(Exercise materials)

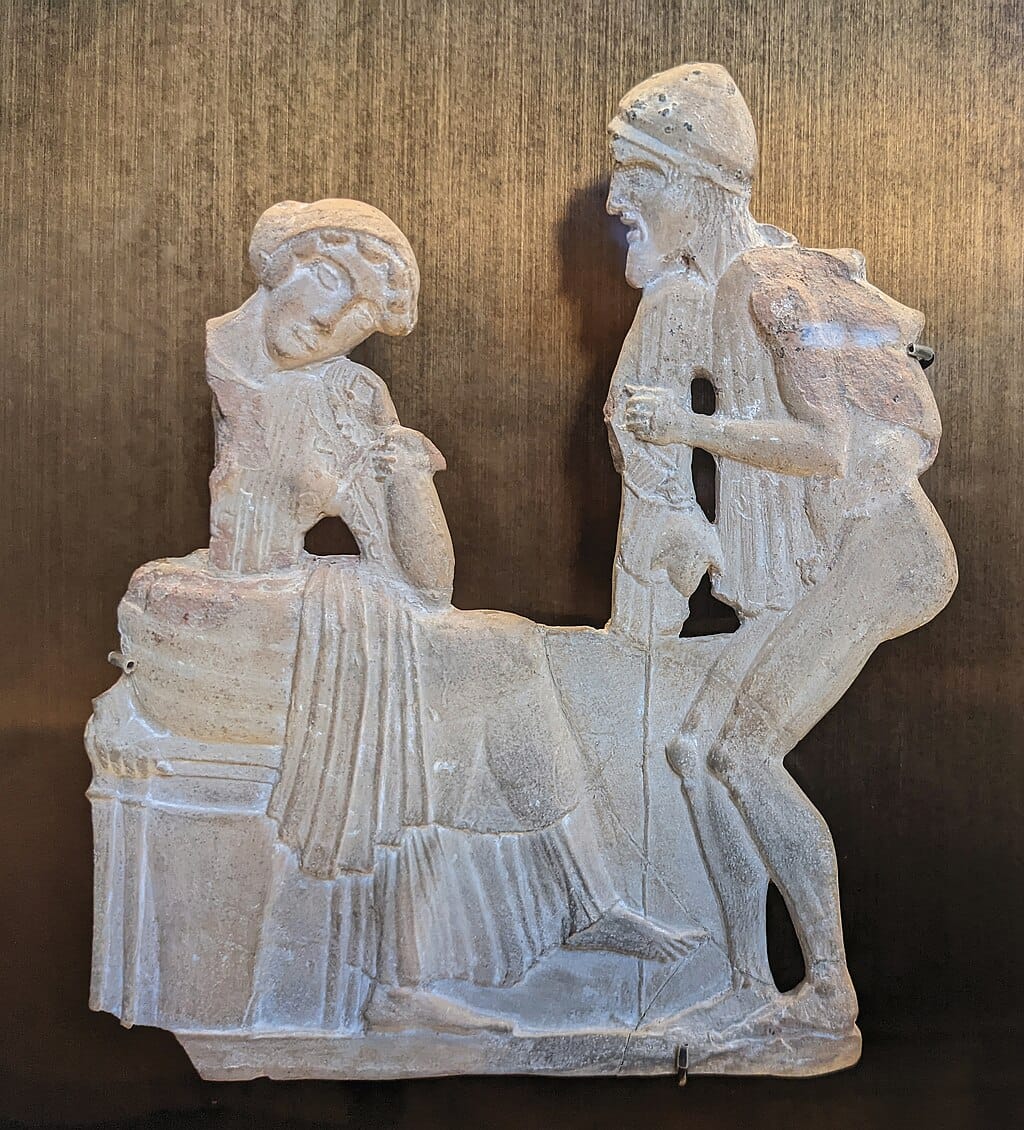 The drawing above is Honoré Daumier's satirical take on Penelope and Odysseus reunited in the matrimonial bed (1842), from the series Histoire ancienne. It reminds me of this version from Milos circa 450 BC, which Daumier had probably seen.
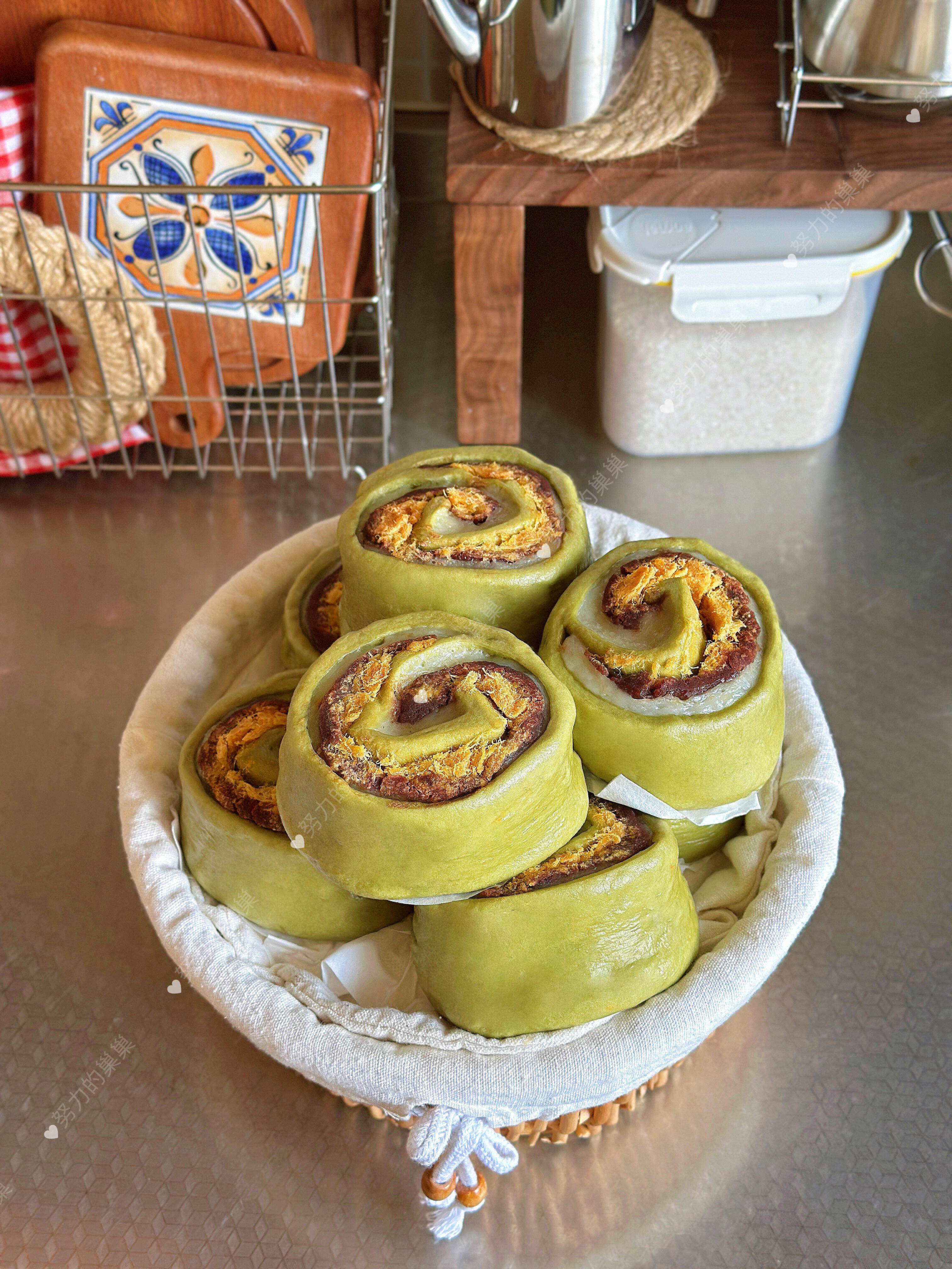 • 组装做法:醒发好的面团揉光滑,擀成长条面皮,铺上麻薯馅、豆沙馅,撒上肉松,从下往上卷起,切成小块,密封醒发至1.5倍大,上汽蒸15分钟即可。
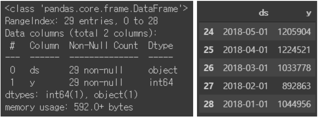 데이터가 어떻게 생겼는지 확인했으니 저는 바로 prophet 모델이 적용해보려고 합니다.
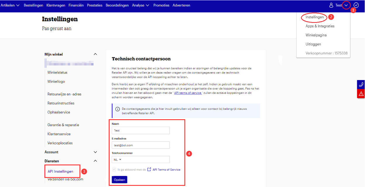1. 登录bol.后台— InstellingenDienstenAPI Instellingen,填写联系方式,单击“Opslaan
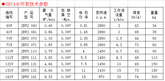 2BVA5131水環真空泵適用于抽除氣體和水蒸氣吸氣壓力可以達到33mbar絕壓(97%真空度)。當水環真空泵在吸氣壓力接近極限真空(工作液和蒸汽壓),下長期工作時應聯接汽蝕保護管,以對泵進行保護。作為壓縮機用時,其壓力最大至0.26Mpo(絕壓)。2BV系列水環真空泵作為新一代節能型產品,其出色的性能及眾多優點將全面取代同性能的SK、2SK系列水環真空泵及W、WY、WL系列往復真空泵。
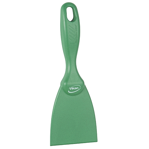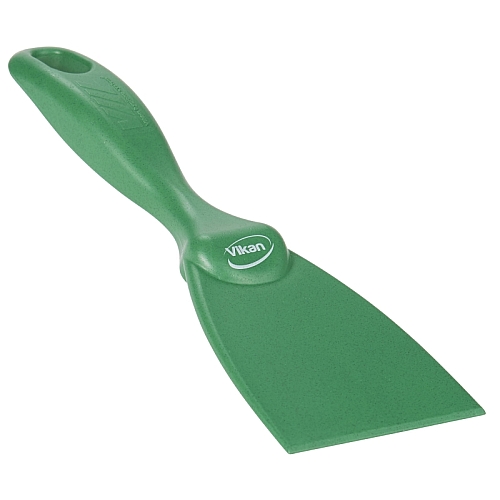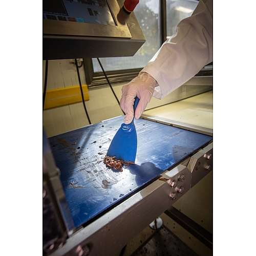 To ozko ročno strgalo, zasnovano za čiščenje majhnih prostorov in okrogle opreme, kot so velike sklede, je idealno za rahljanje trdovratne umazanije, vključno s pecivom, čokolado in zažgano hrano. Rezilo je naostreno na obeh straneh za dodatno dolgo življenjsko dobo. Narejen je iz materiala, ki ga je mogoče zaznati z detektorjem kovin.
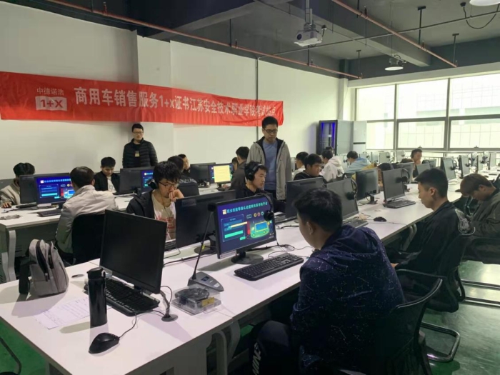 2021年11月5日和6日,交通与安全公司18中德诺浩班22人顺利完成了“商用车销售服务”和“智能网联汽车检测与运维”两个1+X证书项目的考核。
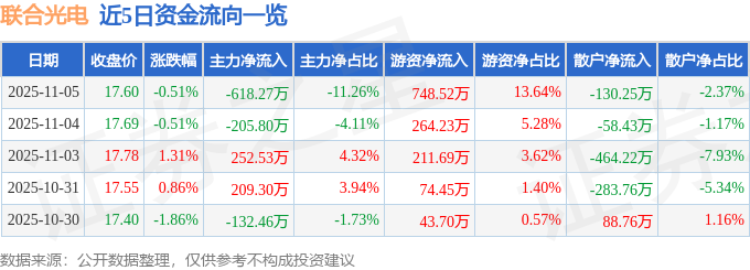证券之星消息,截至2025年11月5日收盘,联合光电(300691)报收于17.6元,下跌0.51%,换手率1.41%,成交量3.12万手,成交额5489.37万元。
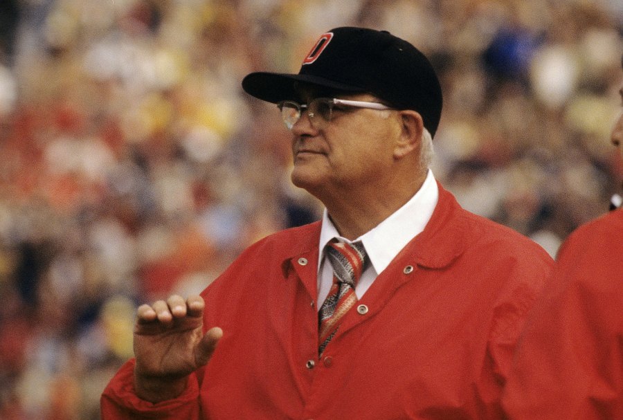 CIRCA 1970’s: Head Coach Woody Hayes of the Ohio State Buckeyes on the sidelines during a NCAA football game mid circa 1970’s. Hayes coached the Ohio State Buckeyes from 1951-78. (Photo by Focus on Sport/Getty Images)
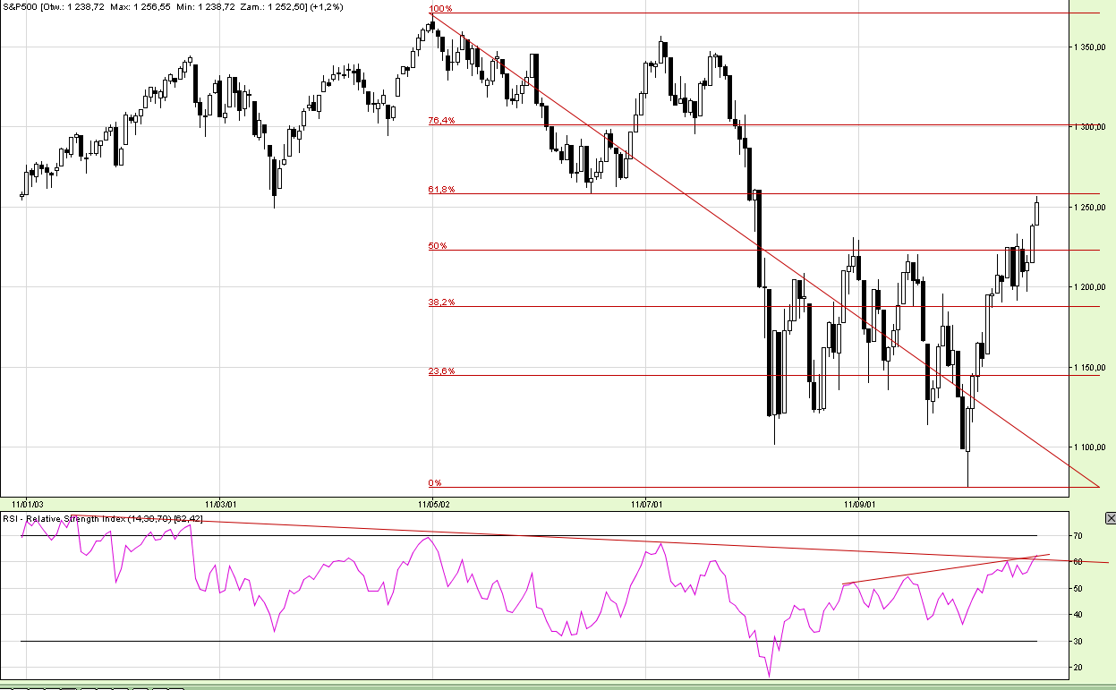 "Nasz" korsarz rzeczywiście trzyma się dzielnie, przetrzymał już niejedną korektę od 04.10:lol: Zauważmy że nie robi tego sam - nasz WIG jest dobrze skorelowany z innymi indeksami. Pamiętacie jak się pojawił? Prasa pisała, że S&P zaraz wkroczy w rynek niedźwiedzia. Czyżby z tego wniosek że zamierza wyjść jak wszyscy będą mówili o nowej hossie? Trzeba przyznać że ma świetny przegląd sytuacji makro tym bardziej że rynkami rządzą ostatnio politycy. Pozycja na pewno zabezpieczona back-to-back więc nie zarabia tyle ile by wynikało z prostego przeliczania punktów ale dobry kierunek z trendem. Może też mieć dobrze przetestowany algorytm, który go trzyma i każe mu wyskoczyć w odpowiednim momencie. W środę test - jak politycy nie dostarczą to optymizm może wyparować. Jakie z tego nauki dla nas oprócz obserwacji koncentracji?

(End Exercise materials)

• Task brief:
Taking the entries above, extract every line from the one bearing "证券之星消息,截至2025年" through the one bearing "CIRCA 1970’s: Head", exactly, with no pictures.

• Exercise output:
证券之星消息,截至2025年11月5日收盘,联合光电(300691)报收于17.6元,下跌0.51%,换手率1.41%,成交量3.12万手,成交额5489.37万元。
 CIRCA 1970’s: Head Coach Woody Hayes of the Ohio State Buckeyes on the sidelines during a NCAA football game mid circa 1970’s. Hayes coached the Ohio State Buckeyes from 1951-78. (Photo by Focus on Sport/Getty Images)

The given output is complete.